Let’s assume that the right clade is actually sampled at 25\(\%\), and the left clade is still sampled at 50\(\%\):

```
times=c(0, 10)
yini <-c(E0=1-0.25, E1=1-0.25, D0=0.25, D1=0)
right.subA.probs <- GetProbs(yini, times)
right.subB.probs <- GetProbs(yini, times)
nodeR <- c(right.subA.probs[3:4] * right.subB.probs[3:4] * c(0.1, 0.2))
#Again, arbritarily using the extinction probabilities from side A:
phi_A <- right.subA.probs[1:2]
times=c(10, 20)
yini <-c(E0=phi_A[1], E1=phi_A[2], D0=nodeR[1], D1=nodeR[2])
right.branch.probs <- GetProbs(yini, times)
right.branch.probs[1:2]
```

```
## E0.E0 E1.E1
## 0.4846120 0.2302621
```

`left.branch.probs[1:2]`

```
## E0 E1
## 0.3453536 0.1793777
```

```
## E0 E1
## FALSE FALSE
```

Now, these extinction probabilities no longer converge at the root, and the likelihood is incorrect. An important question worth further examination is if sampling is uneven, is the final answer worse by forcing the assumption that sampling is even or is it better to allow clade-specific sampling but with mathematical errors? Future work will address this question. But until then, for mathematical reasons we feel it is best to avoid using clade-specific sampling fractions, which is why we have removed this capability within all HiSSE functions.

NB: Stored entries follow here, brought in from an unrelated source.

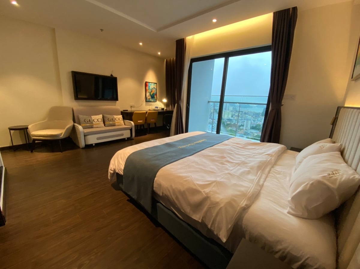 The Sapphire Ha Long – Premier Bayview Suite - Located in the S2-Sapphire Halong complex, right in the heart of Ha Long city. - Cozy & Elegant: Corner unit on the 27th floor, featuring 2 bedrooms & living area, all with stunning views. - Breathtaking Views: Step onto the balcony to enjoy sunrise over the bay and charming fishing ports. - Full Amenities: Aircon, Wi-fi, TV, fully equipped kitchen, swimming pool, and secure parking for a comfortable stay. Convenient: Near center city_5' to museum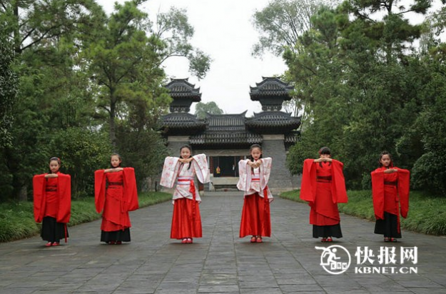 10月16日上午,快报网记者第三次来到张骞纪念馆。和前两次不同的是,这次纪念馆来了几个穿汉服的小学生。他们不仅为游客翩翩起舞,而且还当起了纪念馆的讲解员,其突出表现并获得大家的一致点赞。参天古树掩映下的张骞纪念馆,显得幽静而肃穆。那些身着汉服的小朋友门,俨然成了纪念馆里一道独特的风景线,吸引了众多游客与之合影留念。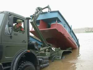 中新網(wǎng)5月16日電 據(jù)湖南《東方新報(bào)》報(bào)道,在瀏陽河訓(xùn)練碼頭的空地上,隨著軍官一聲令下,不到半個(gè)小時(shí),200余名官兵就豎起了面積近30平方米的軍用帳篷、可照射直徑達(dá)60米范圍的多功能照明燈、一條近20米長(zhǎng)、1米高的防洪子堤。昨日上午,駐湘某舟橋團(tuán)出動(dòng)20余臺(tái)舟橋車輛,首次利用新式器材進(jìn)行防洪大演練。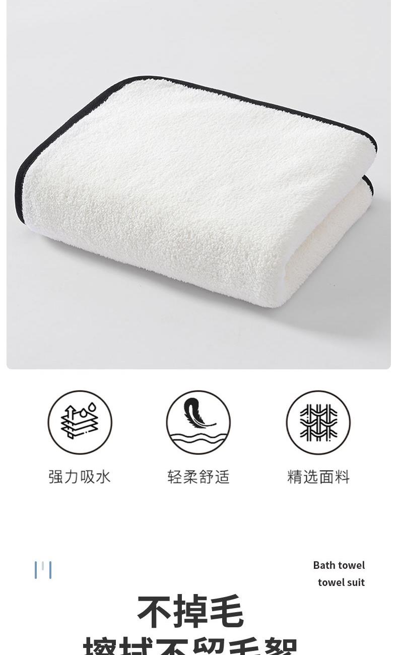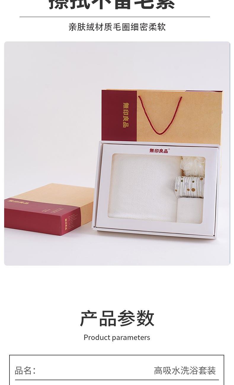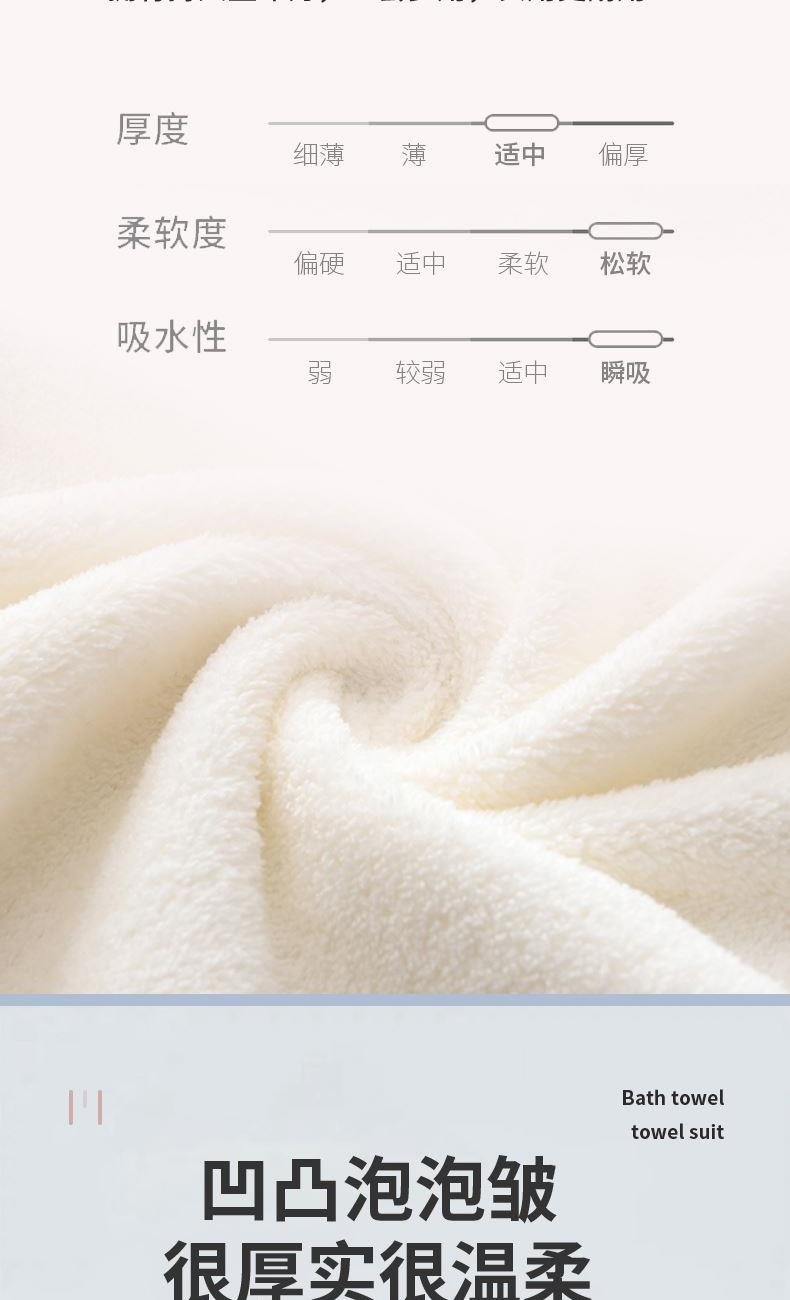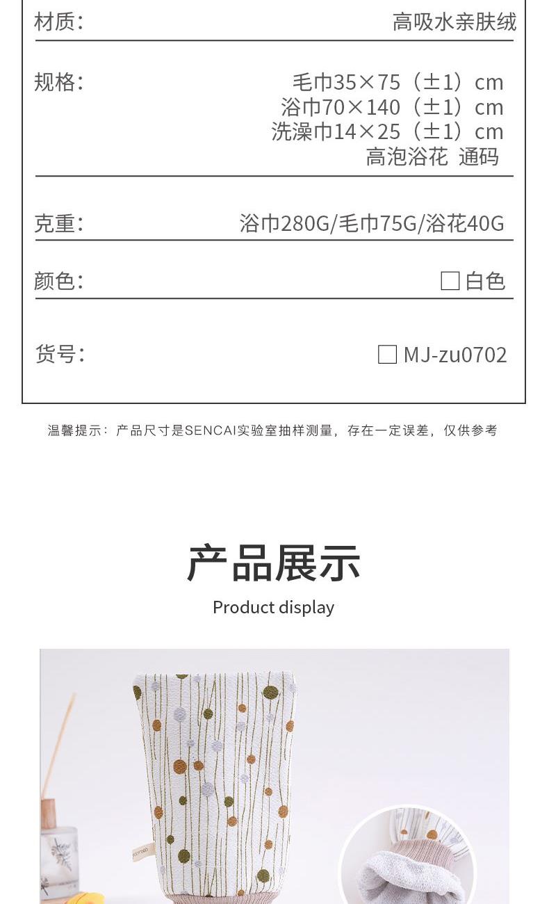 规 格:浴巾70×140(±1)cm 毛巾35×75(±1)cm 洗澡巾14×25(±1)cm 高泡浴花 通码 克 重:浴巾280g/毛巾75g/浴花40g 材 质:高吸水亲肤绒 颜 色:白色 包装尺寸:42×31×7cm

We recommend for now using either a global sampling fraction as shown above, or a global fraction for each of the states included in a given model.

Moore, B.R., S. Hohna, M.R. May, B. Rannala, and J.P. Huelsenbeck. 2016. Critically evaluating the theory and performance of Bayesian analysis of macroevolutionary mixtures. Proceedings of the National Academy of Sciences, USA, 113:9569-9574.

Stadler, T. 2013. How can we improve accuracy of macroevolutionary rate estimates? Systematic Biology, 68:321-329.